» **Source data**:
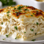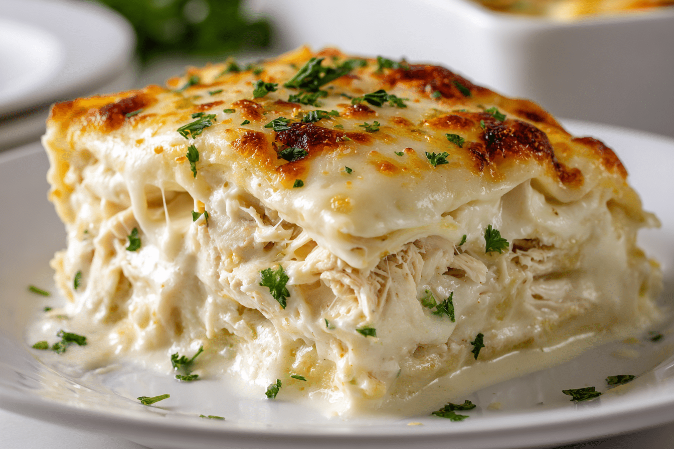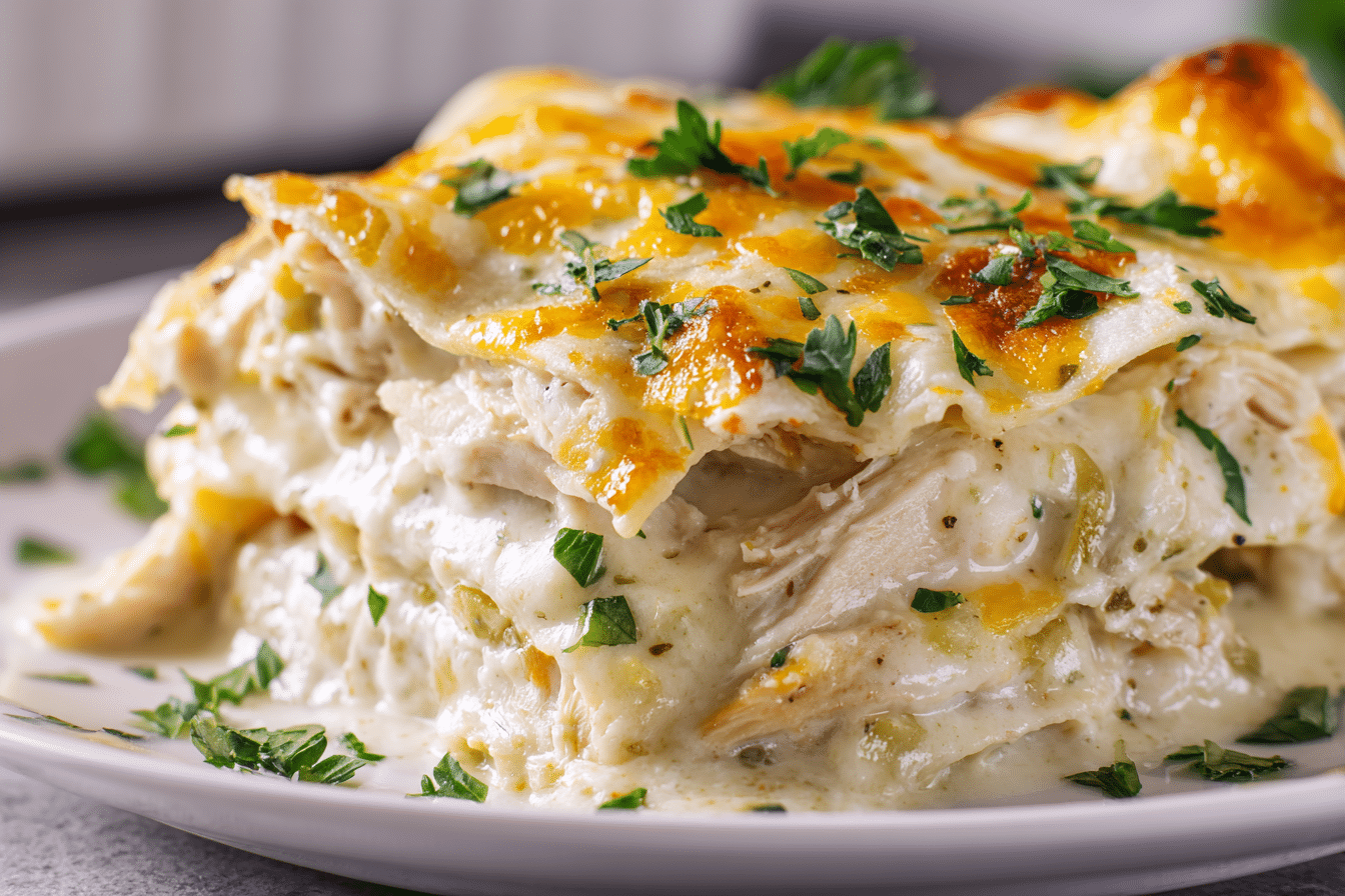 A creamy white chicken enchilada casserole layered with tortillas, shredded chicken, cheese, and a tangy sour cream and green chile sauce. Comforting and easy — a family favorite.
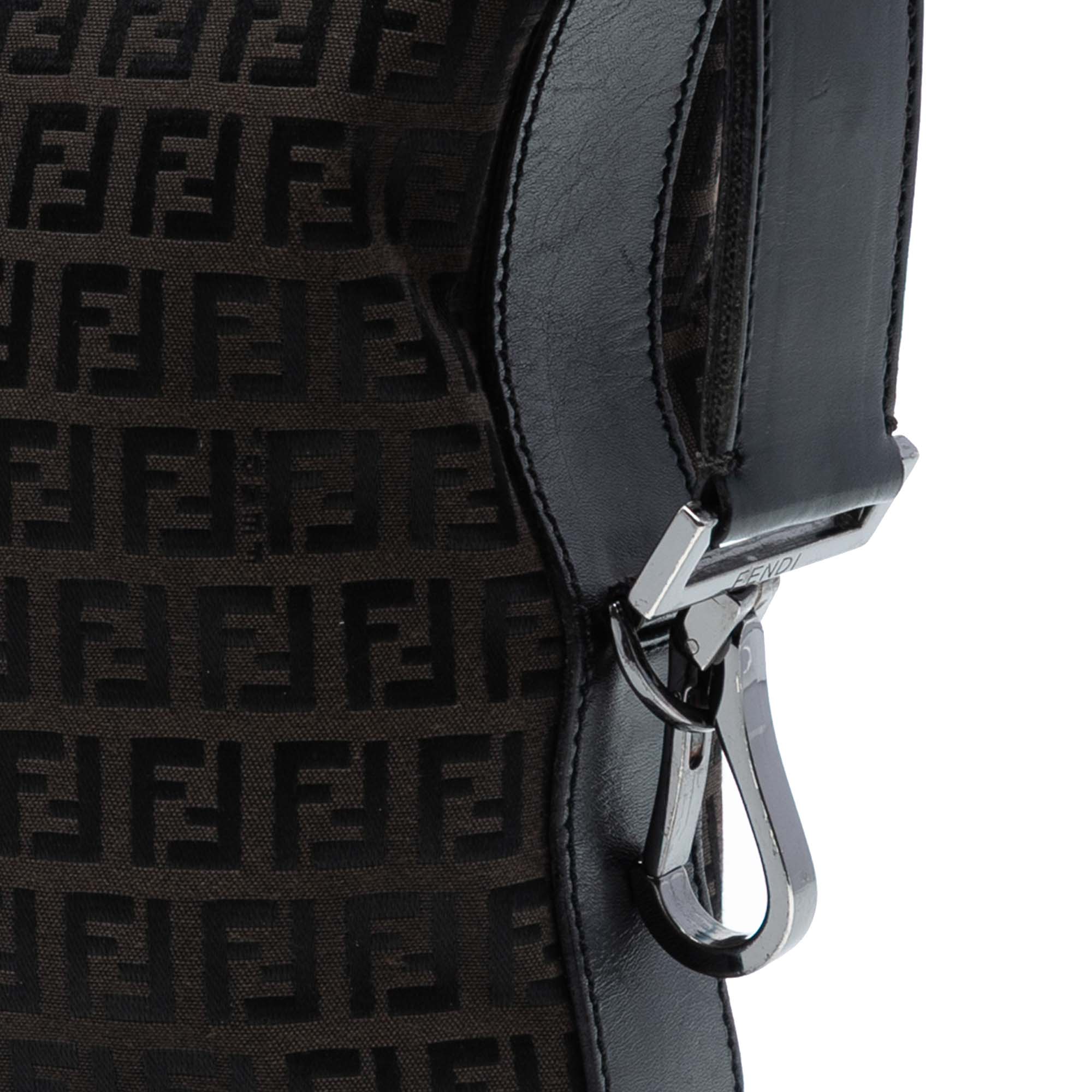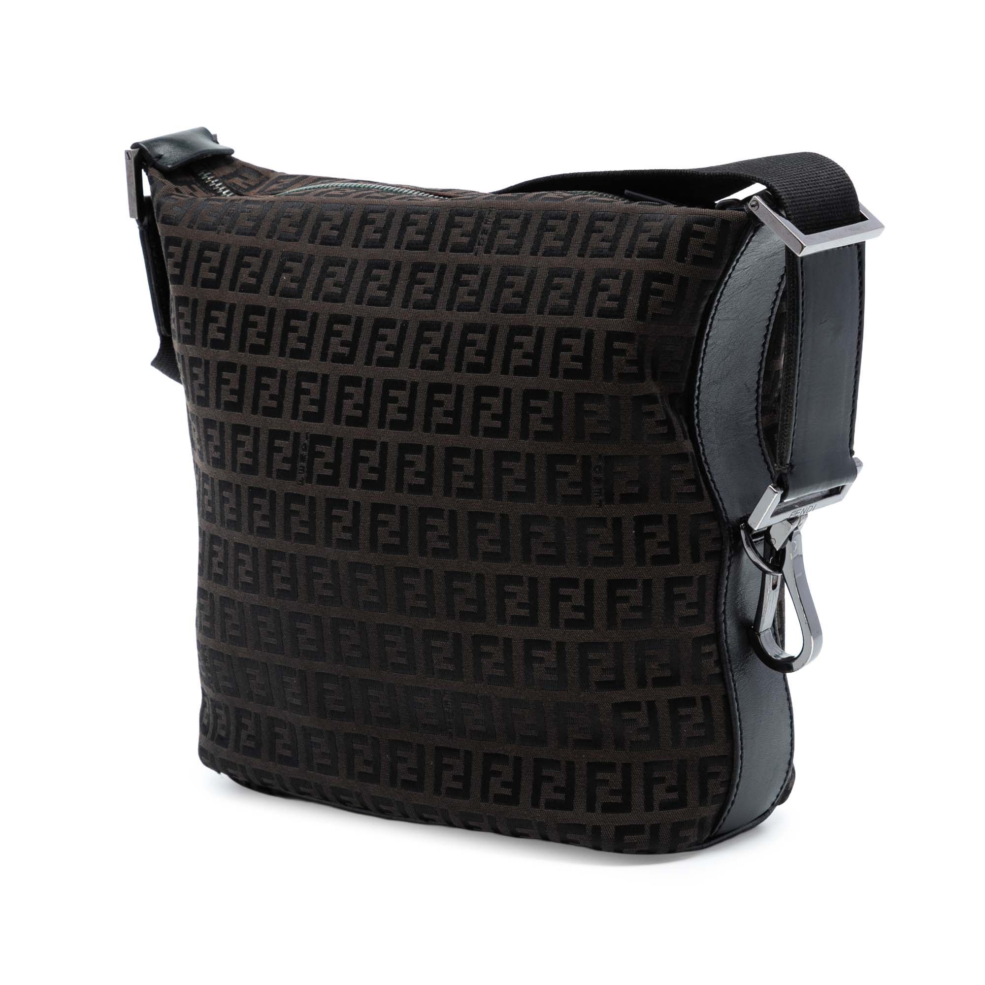 This shoulder bag features a canvas body with leather trim, an adjustable flat canvas strap, and a top zip closure. Retail Price: 995.00
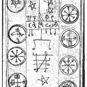 Печать ангелов Власти, которые господствуют над ангелами и духами всех элементовЗАКЛИНАНИЕЯ, N.N., слуга Бога, желаю вызвать тебя, и заклинаю тебя, дух Alymon, самыми ужасными словами: Сатер (Sather), Эхомо (Ehomo), Гено (Geno), Поро (Poro), Йеховах (Jehovah), Элохим (Elohim), Волнах (Volnah), Денах (Denach), Алонлам (Alonlam), Офиел (Ophiel), Зофиел (Zophiel), Софиел (Sophiel), Хабриел (Habriel), Элоха (Eloha), Алесимус (Alesimus), Дилет (Dileth), Мелохим (Melohim) и всеми самыми святыми словами, которыми я смогу заставить тебя появиться передо мной в приятном и прекрасном человеческом обличье и исполнить то, что я прикажу тебе, это так же верно, как и то, что Бог придет для того, чтобы судить живых и мертвых. Да будет так. Да будет так. Да будет так.

» **Activity**: When copying the listing above, begin at its first line and stop after the line with "This shoulder bag", keeping each line exact and dropping the pictures.

» **Solution to the exercise**:
 A creamy white chicken enchilada casserole layered with tortillas, shredded chicken, cheese, and a tangy sour cream and green chile sauce. Comforting and easy — a family favorite.
 This shoulder bag features a canvas body with leather trim, an adjustable flat canvas strap, and a top zip closure. Retail Price: 995.00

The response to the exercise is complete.